With the range of dressings available for wound care, it is important for the pharmacist to know how to select an appropriate dressing for a particular wound and how to prevent wound infection.
There is no place for prophylactic systemic antibiotics in acute burn care [6]. The infection prevention strategy lies in wound care in the form of wound cleansing and topical antimicrobial dressings, when available. All wounds and surrounding skin should be cleaned on presentation with chlorhexidine gluconate soapy water to remove debris and blisters, and before subsequent dressings [6].
For many years, silver sulfadiazine was associated with burn care; however, newer studies have shown delayed wound-healing, along with its use in comparison to other modern wound-care options [10]. Silver sulfadiazine requires dressing twice daily, which are not practical, and should be avoided if possible [10].
Many modern wound-care options are available, which provide antimicrobial activity and can be kept in situ for longer periods.

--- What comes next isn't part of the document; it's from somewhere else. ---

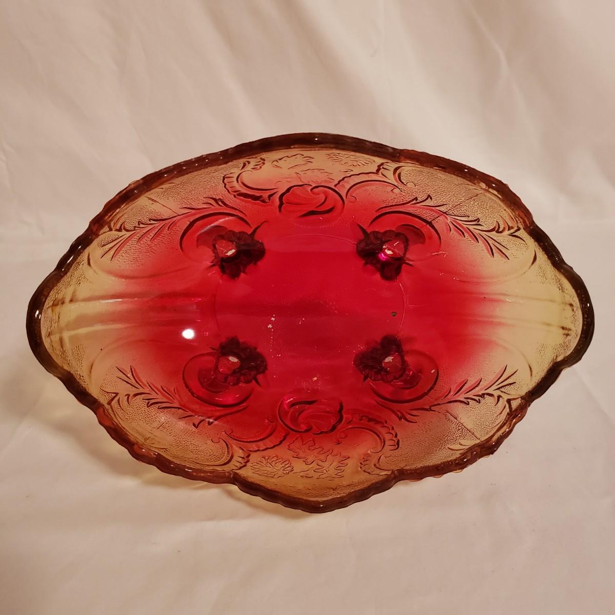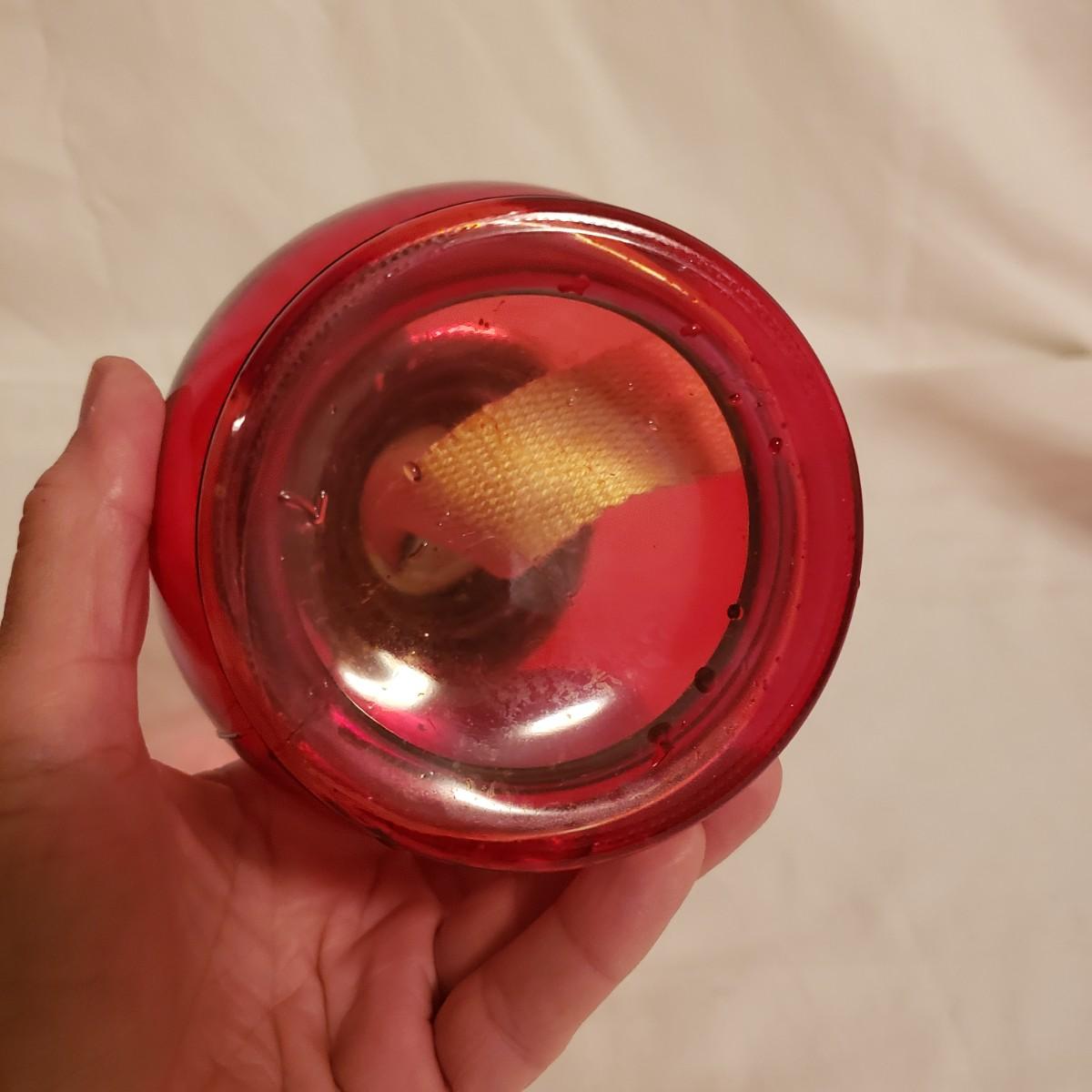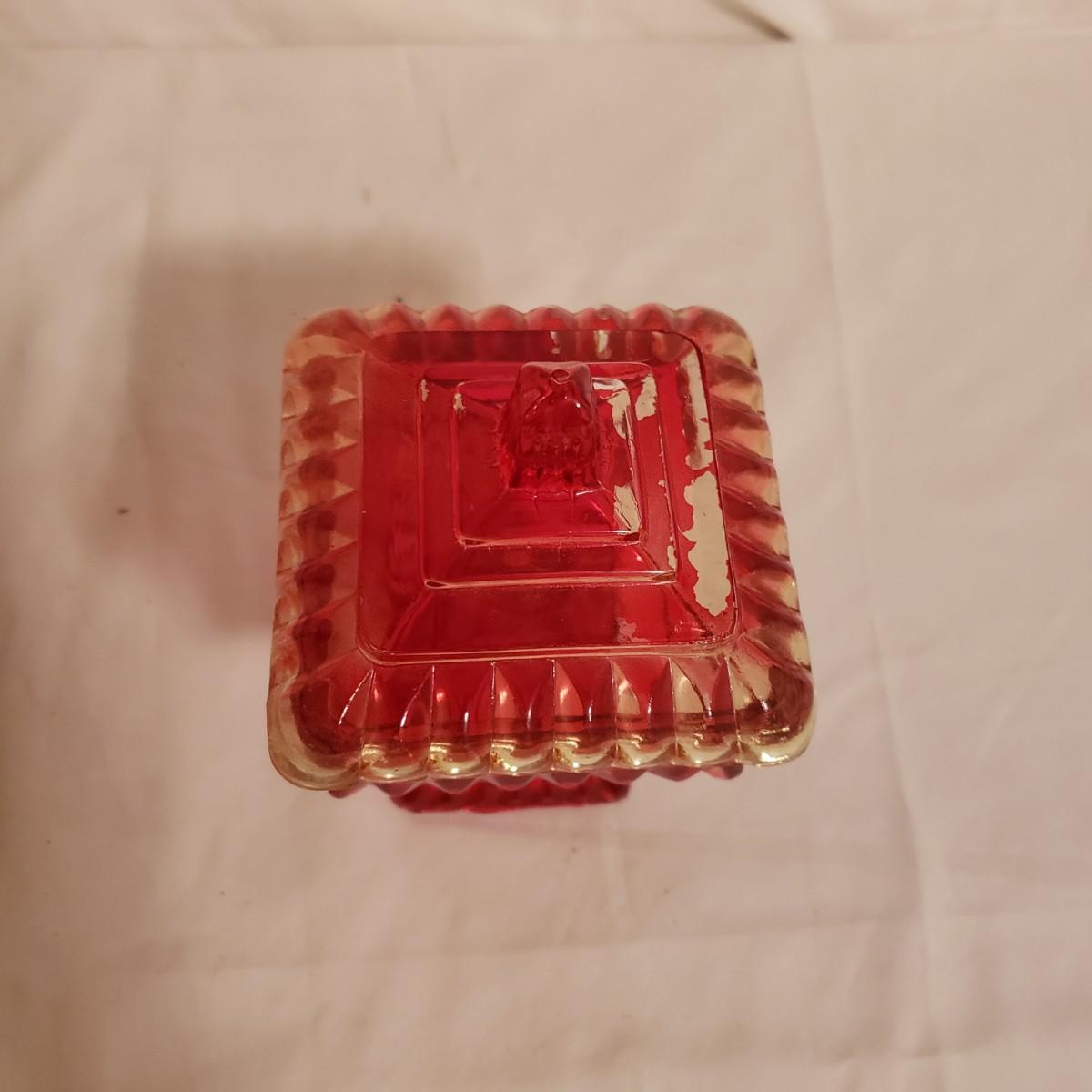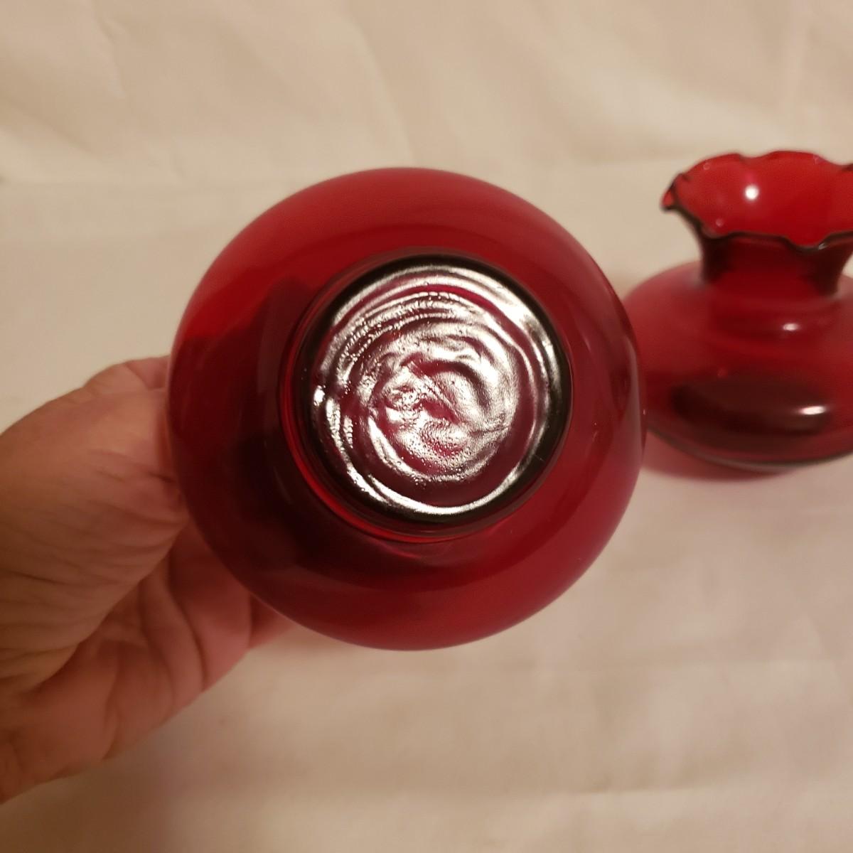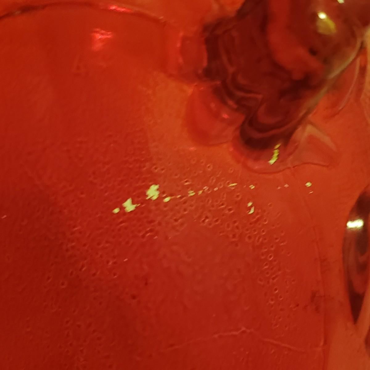 This eight piece lot features red and yellow umbra glassware. The pair of red/yellow umbra bud vases are perfect for your yard flowers! The pair of small red, scallop top vases measure 4" x 3.5"H. The largest oil lamp appears to never had been used. The hurricane glass has a spiral texture to it. The smaller lamp made in Hong Kong also appears to never had been used. The last two pieces are a possible Jeannette Glass bowl and lidded candy dish. The bowl measures approximately 10" x 6" x 5"H. There is a part on the bottom where the red finish chipped off. The same happened on the candy dish. See pictures for details.

In the case of superficial burns, some modern dressings can be left in situ until the wound heals, effectively reducing the pain associated with dressing changes and reducing the healing time by minimizing disruptions to the healing wound with multiple dressings [10]. These include Dialkylcarbomoyl chloride (DACC) containing dressings or bismuth containing dressings, and hydrofiber dressings with silver and silver-containing foams, to name a few. These primary dressings can be left in situ, with the secondary dressings (gauze and crepe bandages) being removed after 3–7 days to ensure the primary dressing is dry and adherent to the wound. If the primary dressing is wet, it needs to be removed and replaced with a new primary dressing to prevent superimposed infection. No modern wound-care technology has been proven to be superior to another [6]. Paraffin gauze is acceptable if nothing else is available; however, daily dressings are then required [6]. Occlusive dressings often result in the pooling of exudate and, as a result, the proliferation of bacteria and wound infection [6].

7. Conclusions

The majority of burns are minor and can be managed by pharmacists with appropriate dressings and advice. Thus, pharmacists need to be abreast of the newest recommendations regarding burn assessment and wound care. The information presented here can be utilised by other healthcare professionals in PHC settings in South Africa and across the African continent in the absence of formalised treatment guidelines for minor burns.

Author Contributions

Conceptualization, S.W. and V.A.P.-P.; writing—original draft preparation; S.W. and V.A.P.-P.; writing—review and editing, S.W. and V.A.P.-P.; visualization, S.W. and V.A.P.-P.; funding acquisition, S.W. and V.A.P.-P. All authors have read and agreed to the published version of the manuscript.

Funding

This research is supported by the Fogarty International Center (FIC), NIH Common Fund, Office of Strategic Coordination, Office of the Director (OD/OSC/CF/NIH), Office of AIDS Research, Office of the Director (OAR/NIH), National Institute of Mental Health (NIMH/NIH) of the National Institutes of Health under Award Number D43TW010131. The content is solely the responsibility of the authors and does not necessarily represent the official views of the National Institutes of Health.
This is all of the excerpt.